- _Task statement_
All that is wanted is the exact lines from the first line of the data below through the line with "Koblenz is notable", both ends included, with pictures omitted.

Top of Dataset extract

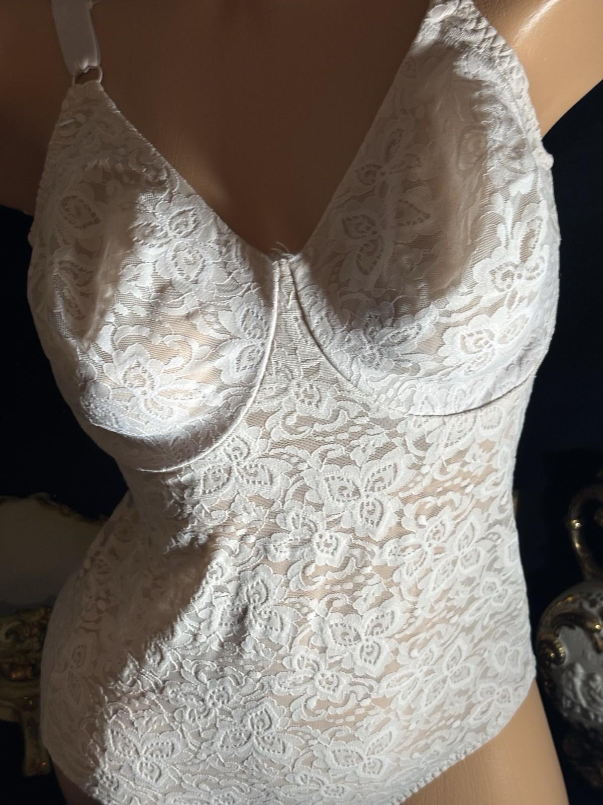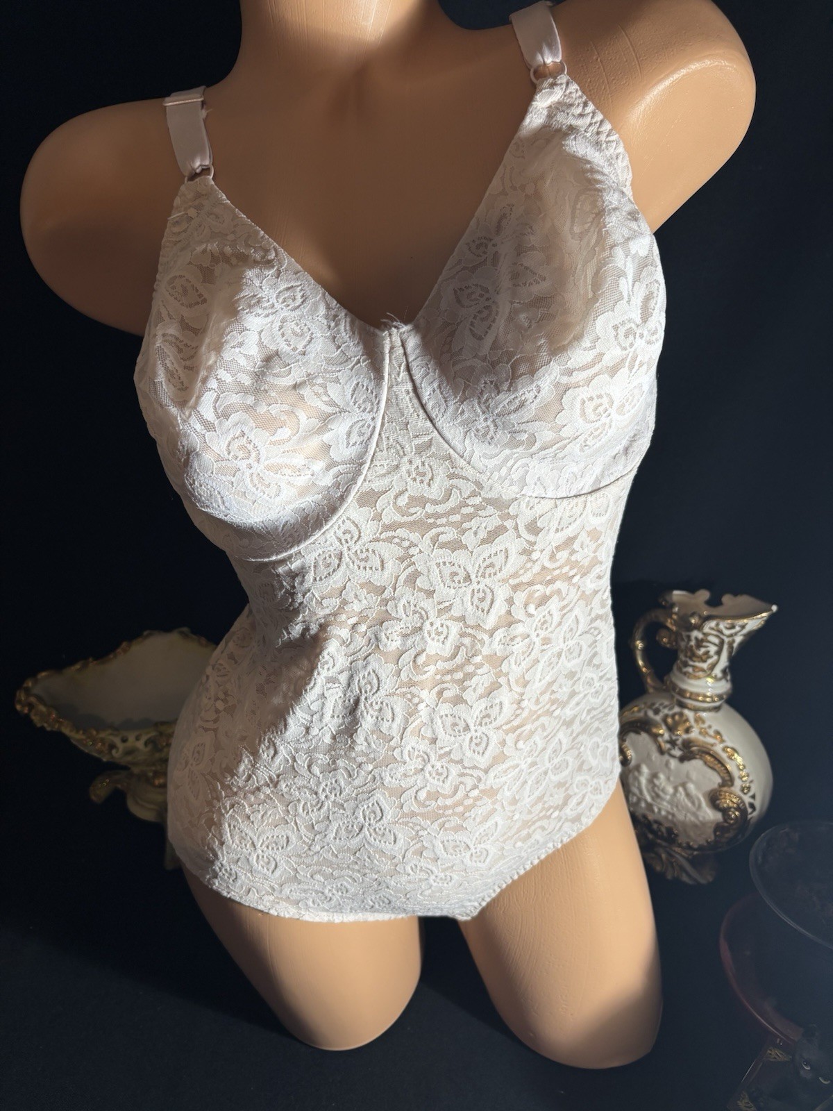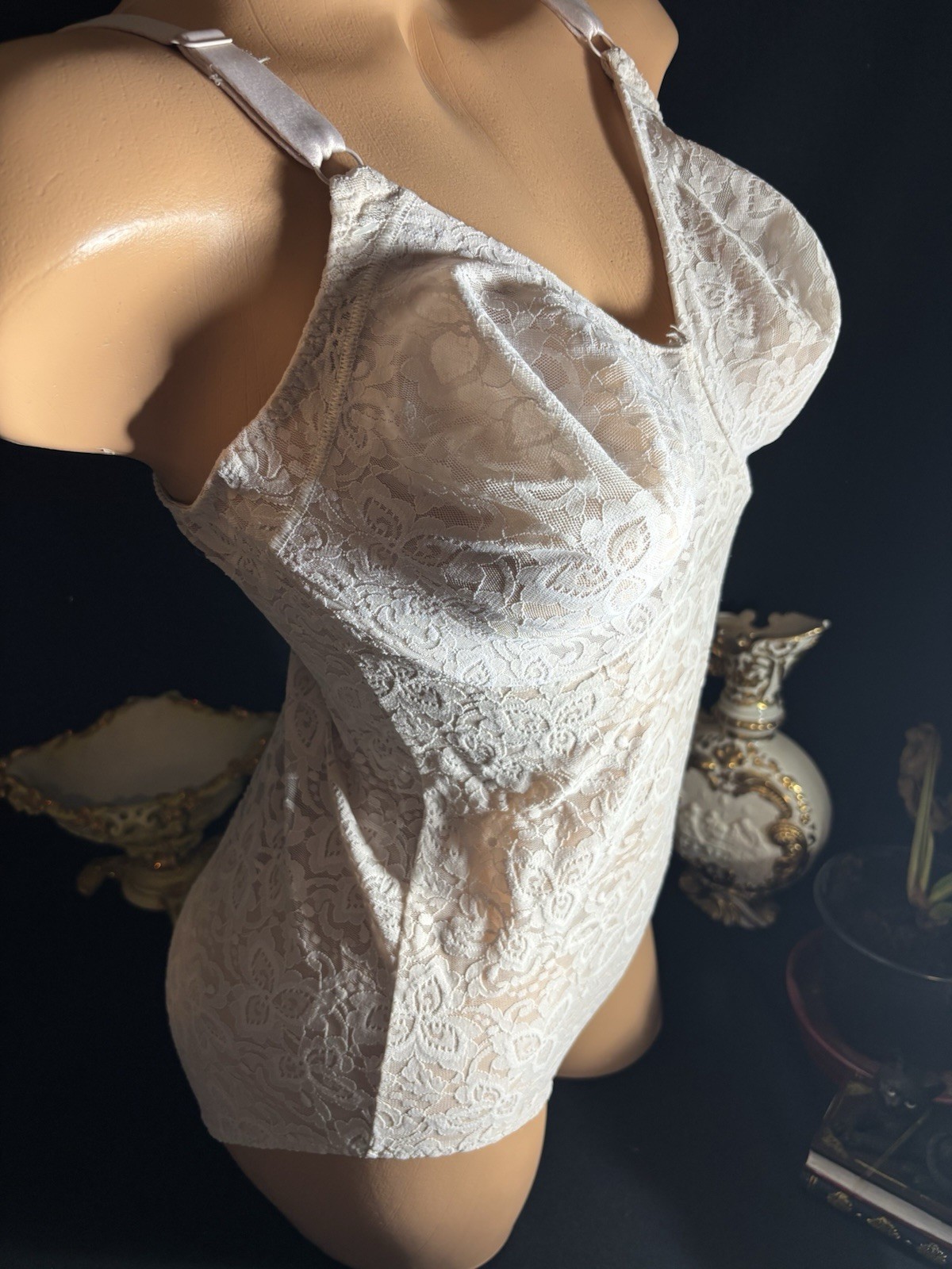 как выглядит Vtg Silky Nylon pantie girdle SHEER Lace girdle ALL IN ONE SHAPER BODYSUIT фото
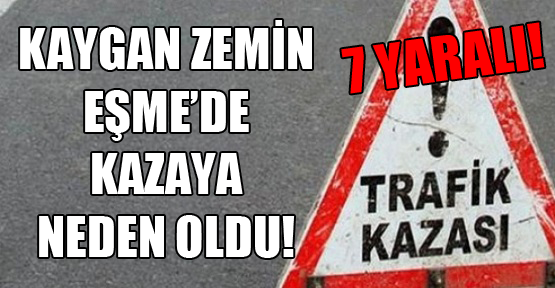 Eşme - Uşak karayolu üzerinde Elvanlar Mahallesi'nde bulunan Karayolu Bakım Şefliği mevkiinde dün aksam üzeri Durmuş Şimşek yönetimindeki 64 EU 230 plakalı aracın ıslak zemin yüzünden kontrolden çıkması sonucu meydana gelen trafik kazasında aynı ailenden 7 kişi yaralandı.
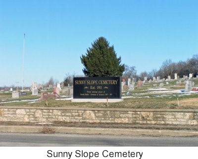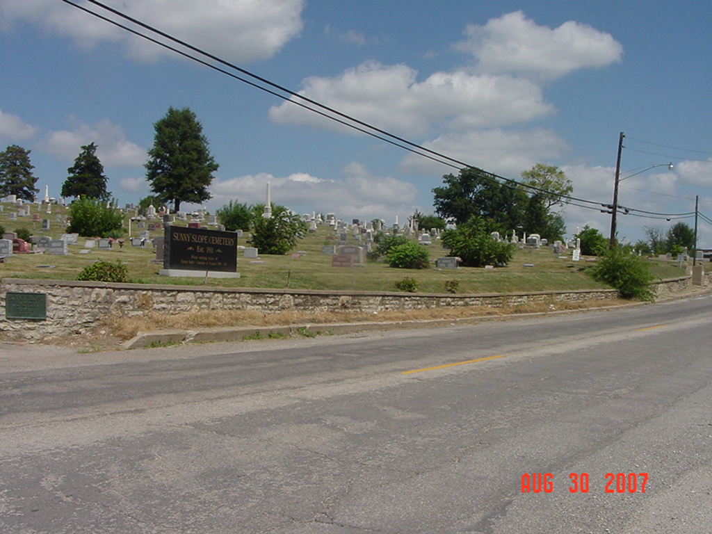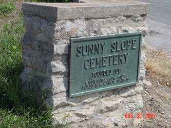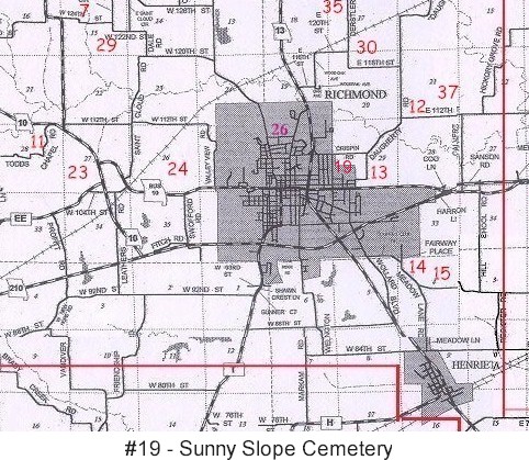 Sunny Slope Cemetery was founded in 1911. The cemetery is located on West Main Street in Richmond. Sunny Slope lies west of Richmond Cemetery. There is one joint entrance and exit road for Sunny Slope. This newspaper article discusses the proximity of these four adjoining cemeteries. |
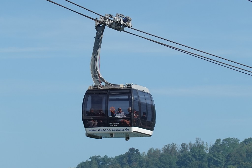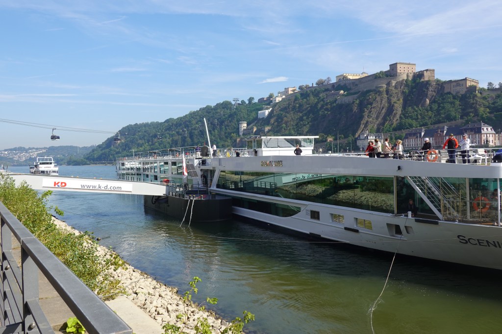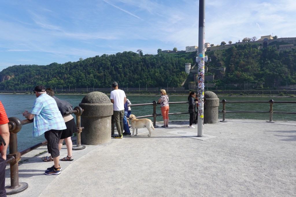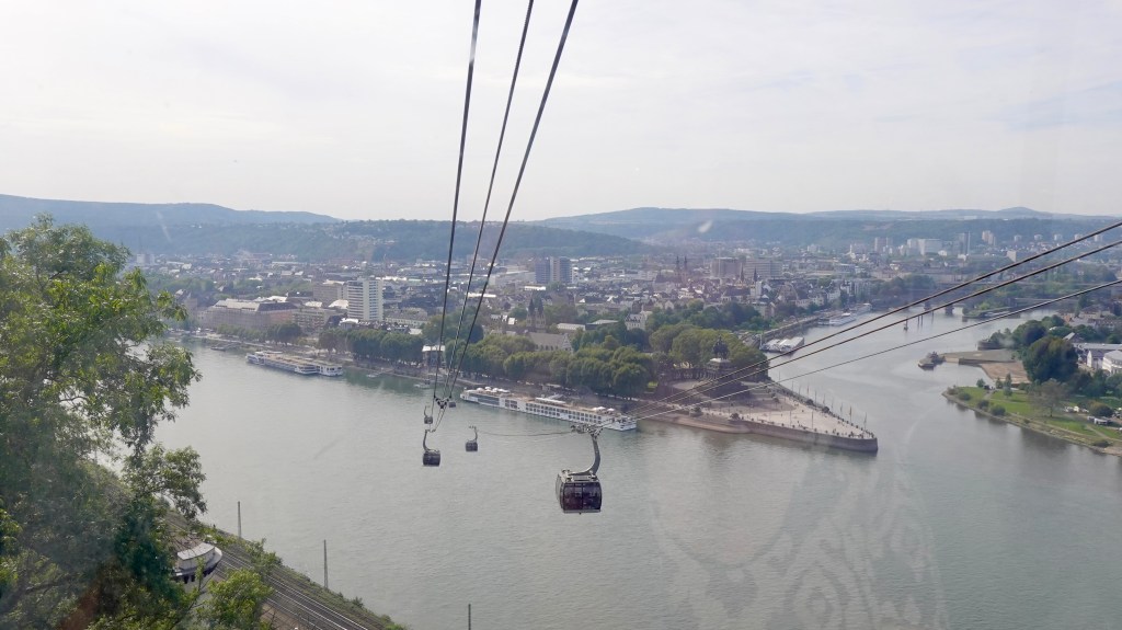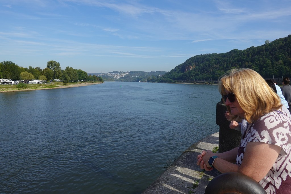 Koblenz is notable as where the River Rhine and Moselle meet, at a place known as Deutches Eck (German Corner). This is my photo, taken through the glass of the cable car (see Janet’s reflection in the picture!)
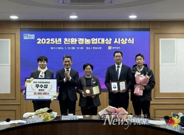 뉴스펀치 김용희 기자 | 영암군이 12일 전라남도의 ‘2025년 친환경농업대상 시상식’에서 우수상과 함께 상사업비 3,500만원, 포상금 150만원을 받았다.
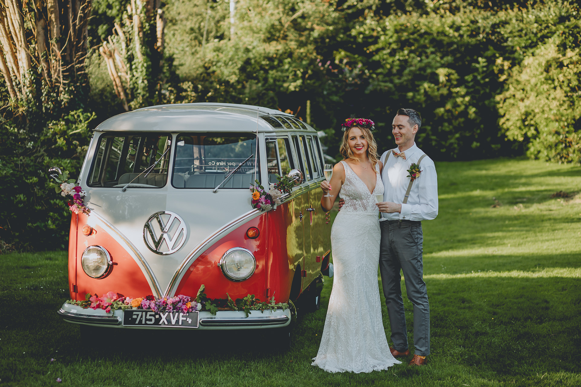 The vision: A natural, rustic wedding vibe with vibrant warm summer tones and a contemporary kitsch twist. The inspiration: Firs Flower Farm, Helsby. The story: I found Imogen on Instagram, her flowers kept grabbing my attention. Such stunningly handsome bunches in fabulous rich colours I couldn't help but share her stories which then lead to one of my couples booking her for their wedding. We got chatting and decided to get together for a bit of a collab. I took some photos at her beautiful farm on Helsby Hill and one thing lead to another...all of a sudden we were in the throws of planning a styled shoot! We reached out to some local suppliers we already had connections with and each and every one was keen to jump on board! I had been wanting to do a styled shoot for a while but hadn't found one that really resonated with me, so to plan one of my own was just a dream. I also had my heart set on a 'real' couple as opposed to a model couple, to keep it as natural and unposed as possible, giving the impression of a real wedding rather than a styled shoot. I put out a post on Facebook and the lovely Ewa responded. She and her fiancee Anton were perfect. The best thing of all, I didn't need to 'direct' them or give them any 'prompts' they were just naturals! All of the suppliers involved were on the same page from the word go and fit the bill perfectly. The boho dress and floral veil, the whimsical bouquets and flower crown, the natural hair, the funky stationery, the kitsch cake, the retro VW camper, the vibrant tones!! I am in love with the results!
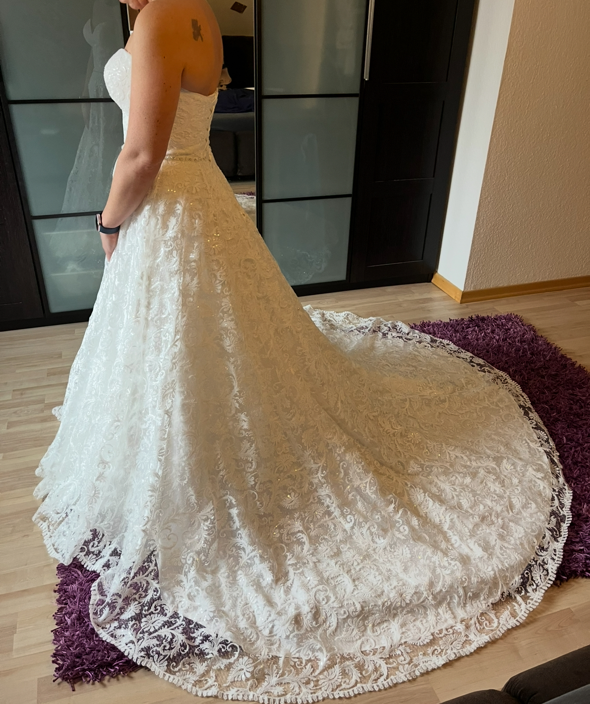 Ich habe mich sehr wohl gefühlt und meinen Tag sehr genossen. Vielleicht kann ich mit dem Kleid noch eine andere Braut glücklich machen. Das Kleid ist bereits gereinigt und bereit für seine nächste Braut."

Bottom of Dataset extract

- _Response for this exercise_
 как выглядит Vtg Silky Nylon pantie girdle SHEER Lace girdle ALL IN ONE SHAPER BODYSUIT фото
 Eşme - Uşak karayolu üzerinde Elvanlar Mahallesi'nde bulunan Karayolu Bakım Şefliği mevkiinde dün aksam üzeri Durmuş Şimşek yönetimindeki 64 EU 230 plakalı aracın ıslak zemin yüzünden kontrolden çıkması sonucu meydana gelen trafik kazasında aynı ailenden 7 kişi yaralandı.
 Sunny Slope Cemetery was founded in 1911. The cemetery is located on West Main Street in Richmond. Sunny Slope lies west of Richmond Cemetery. There is one joint entrance and exit road for Sunny Slope. This newspaper article discusses the proximity of these four adjoining cemeteries. |
 Koblenz is notable as where the River Rhine and Moselle meet, at a place known as Deutches Eck (German Corner). This is my photo, taken through the glass of the cable car (see Janet’s reflection in the picture!)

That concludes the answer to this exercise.